To read this book is to descend into an Orwellian world of topsy-turvy logic, thoughtcrime, doublethink, betrayal, cruelty, lies, and fear. But George Orwell described Nineteen Eighty-four as a “novel”, whereas The Fall of the University of Cape Town - Africa’s leading university in decline, published last year, is fact. Big Brother might not be watching you, or listening to you, but plenty of other people are.
The author is David Benatar, a philosophy professor at UCT. Although a much better edit would have made it more powerful, his book is the work of a man brave enough to speak the truth about the horrors taking place in the institution that employs him. None of the major presses in South Africa would touch his book, which was published by Politicsweb.
It is essentially the story of how intolerant students, complicit academics, and cowardly administrators inflicted immense harm upon their university. With plenty of detail (even too much), it is a tale also of slander, arson, thuggery, homicide, suicide, and intellectual dishonesty. Some of the material has been published before, but it has now been gathered into a single volume with updates, plenty of new information, and blistering commentary.

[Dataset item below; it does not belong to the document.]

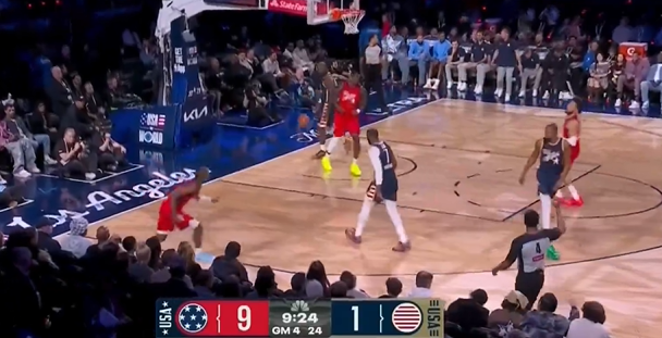 在今天进行的美国条纹队和世界队的全明星正赛中,发生了让人哭笑不得的一幕。当时快船

That the events Professor Benatar chronicles should have happened at an institution once famed as an island of liberalism in the sea of apartheid madness is one of the bitterest ironies of South Africa’s recent history. Moreover, unlike the disasters that have been inflicted upon this country by the African National Congress and its communist and trade union allies, the disaster that Professor Benatar describes was self-inflicted, some of it by people who would describe themselves as “liberal”.
Much of this book is about academic freedom, the hallmark of any university worth the name because it guarantees the environment essential to the pursuit of knowledge and the search for truth.
The assault on academic freedom and free speech goes back to 1986 when a visit by Conor Cruise O’Brien, a well-known Irish politician and academic, was effectively terminated on the grounds that his safety could not be guaranteed after violent disruption of a lecture by students who took offence at what he said. Thus began a long process of capitulation by top university administrators to violence or the threat thereof.